**WORK TO BE COMPLETED**
Nothing but the records, repeated word for word and free of pictures, belongs in the answer.

**INPUT RECORDS**

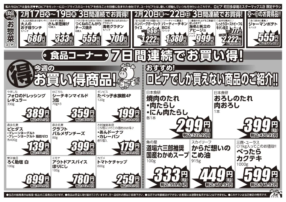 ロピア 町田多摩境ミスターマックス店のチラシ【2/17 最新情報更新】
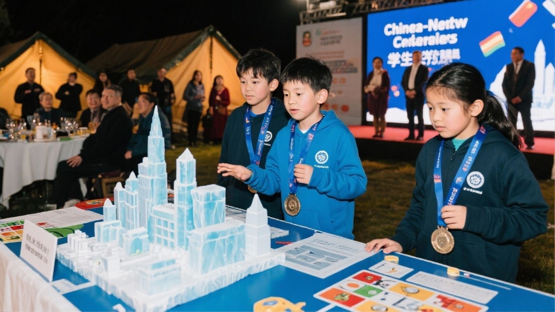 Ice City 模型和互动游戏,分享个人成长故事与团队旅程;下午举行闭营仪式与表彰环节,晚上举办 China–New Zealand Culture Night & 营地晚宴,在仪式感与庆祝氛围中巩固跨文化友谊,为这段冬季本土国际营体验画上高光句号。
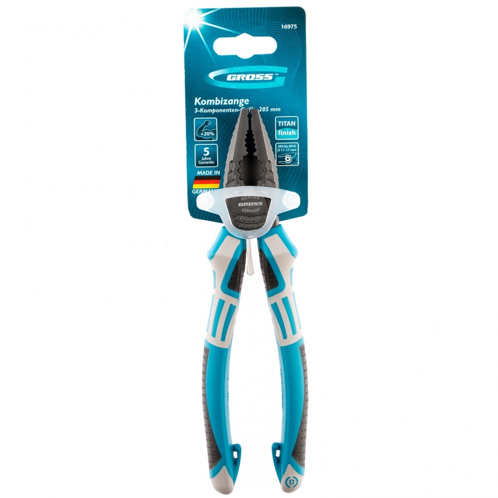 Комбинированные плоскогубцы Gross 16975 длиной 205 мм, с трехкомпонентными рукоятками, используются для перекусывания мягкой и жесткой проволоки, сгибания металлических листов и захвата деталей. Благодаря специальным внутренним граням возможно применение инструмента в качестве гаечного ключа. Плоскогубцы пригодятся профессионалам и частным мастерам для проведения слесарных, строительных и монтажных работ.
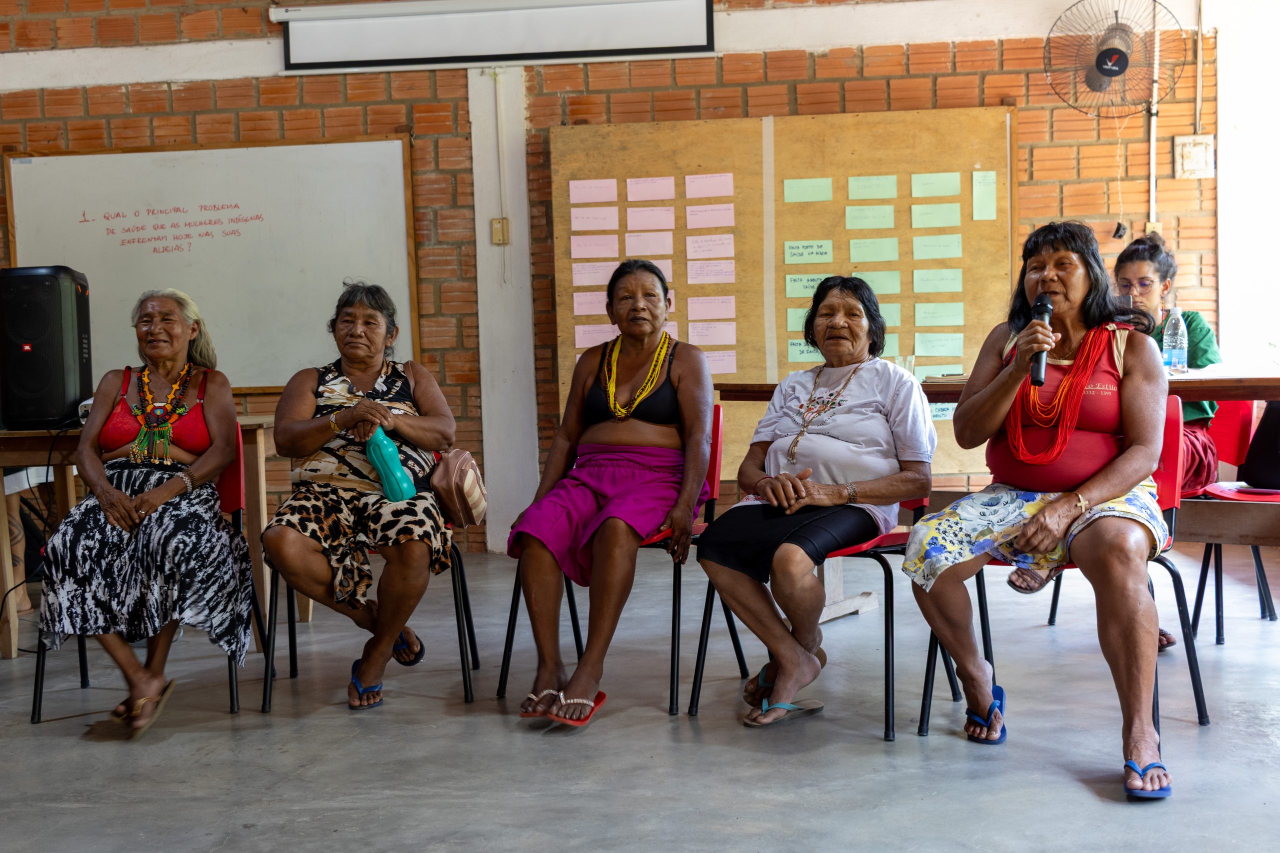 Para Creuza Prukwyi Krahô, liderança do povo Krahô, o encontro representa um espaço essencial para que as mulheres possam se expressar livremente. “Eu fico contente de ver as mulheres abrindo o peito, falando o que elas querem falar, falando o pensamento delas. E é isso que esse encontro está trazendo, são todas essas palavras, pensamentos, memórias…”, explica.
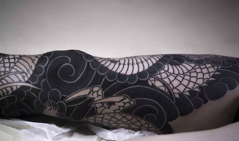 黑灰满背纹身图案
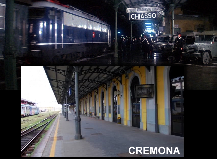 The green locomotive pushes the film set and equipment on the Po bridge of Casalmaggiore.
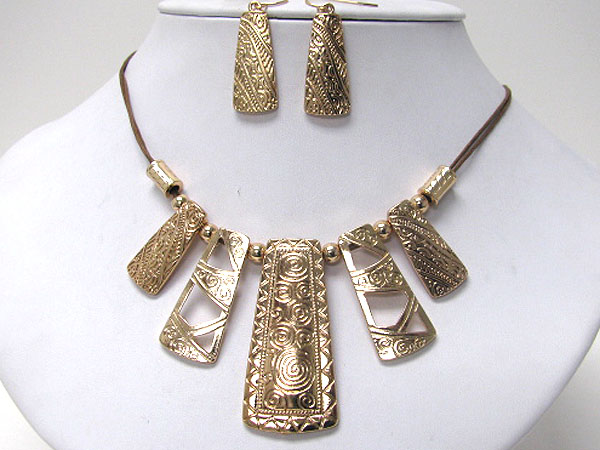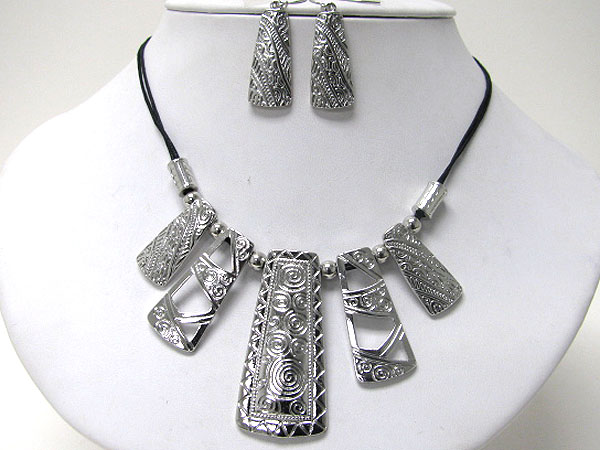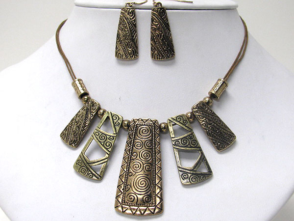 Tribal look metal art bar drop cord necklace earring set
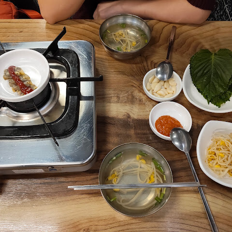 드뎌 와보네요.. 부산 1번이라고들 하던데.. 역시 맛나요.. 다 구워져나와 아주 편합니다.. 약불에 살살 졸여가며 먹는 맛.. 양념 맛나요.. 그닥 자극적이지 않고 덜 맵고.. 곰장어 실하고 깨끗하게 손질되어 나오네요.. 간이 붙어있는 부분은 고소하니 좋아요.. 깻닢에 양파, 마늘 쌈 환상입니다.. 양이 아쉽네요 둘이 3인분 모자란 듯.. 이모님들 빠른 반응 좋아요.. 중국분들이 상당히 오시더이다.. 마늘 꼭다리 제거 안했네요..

**EXERCISE SOLUTION**
 ロピア 町田多摩境ミスターマックス店のチラシ【2/17 最新情報更新】
 Ice City 模型和互动游戏,分享个人成长故事与团队旅程;下午举行闭营仪式与表彰环节,晚上举办 China–New Zealand Culture Night & 营地晚宴,在仪式感与庆祝氛围中巩固跨文化友谊,为这段冬季本土国际营体验画上高光句号。
 Комбинированные плоскогубцы Gross 16975 длиной 205 мм, с трехкомпонентными рукоятками, используются для перекусывания мягкой и жесткой проволоки, сгибания металлических листов и захвата деталей. Благодаря специальным внутренним граням возможно применение инструмента в качестве гаечного ключа. Плоскогубцы пригодятся профессионалам и частным мастерам для проведения слесарных, строительных и монтажных работ.
 Para Creuza Prukwyi Krahô, liderança do povo Krahô, o encontro representa um espaço essencial para que as mulheres possam se expressar livremente. “Eu fico contente de ver as mulheres abrindo o peito, falando o que elas querem falar, falando o pensamento delas. E é isso que esse encontro está trazendo, são todas essas palavras, pensamentos, memórias…”, explica.
 黑灰满背纹身图案
 The green locomotive pushes the film set and equipment on the Po bridge of Casalmaggiore.
 Tribal look metal art bar drop cord necklace earring set
 드뎌 와보네요.. 부산 1번이라고들 하던데.. 역시 맛나요.. 다 구워져나와 아주 편합니다.. 약불에 살살 졸여가며 먹는 맛.. 양념 맛나요.. 그닥 자극적이지 않고 덜 맵고.. 곰장어 실하고 깨끗하게 손질되어 나오네요.. 간이 붙어있는 부분은 고소하니 좋아요.. 깻닢에 양파, 마늘 쌈 환상입니다.. 양이 아쉽네요 둘이 3인분 모자란 듯.. 이모님들 빠른 반응 좋아요.. 중국분들이 상당히 오시더이다.. 마늘 꼭다리 제거 안했네요..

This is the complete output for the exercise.